Portfolio Thinking: Accelerating Without Overloading Systems
The call to “move faster” raises an important risk: acceleration that overwhelms already stretched health systems. Introducing multiple products independently — each with its own training, guidelines, and reporting requirements — can slow and compromise delivery rather than fast-track it.
Portfolio-based planning offers a way through this tension. Instead of evaluating innovations one by one, countries consider groups of interventions together, assessing how they interact and where they share delivery platforms.
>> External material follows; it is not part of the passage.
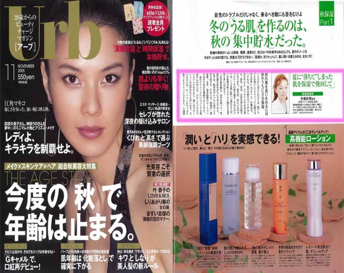「Urb12月号」の特集「秋肌には1手前の保湿」で衣理クリニック表参道(エリクリニック) 院長 片桐衣理がなぜ秋に保湿が必要なのか、夏のダメージの要因と肌への影響についてアドバイスしています。

A portfolio lens allows governments to:
Sequence introductions to match system capacity
Bundle training, procurement, and rollout strategies
Make trade-offs explicit rather than implicit
For maternal and child health, portfolio approaches can help ensure that acceleration is strategic, aligned, and manageable.
Building the Fast Lane
The world cannot afford incremental progress for maternal and child health. But impact will not come from urgency alone. It will come from systems that make urgency actionable.
Rooting innovations in efficient and effective product introduction systems, like what the ALIGN Consortium is doing, is what turns commitment into reality. Whole-of-government coordination, market intelligence, whole-of-market engagement, and portfolio-based planning are not administrative niceties—they are the infrastructure of speed, scale, and sustainability.
If we want a fast lane for mothers and children, we need to keep building and maintaining the road.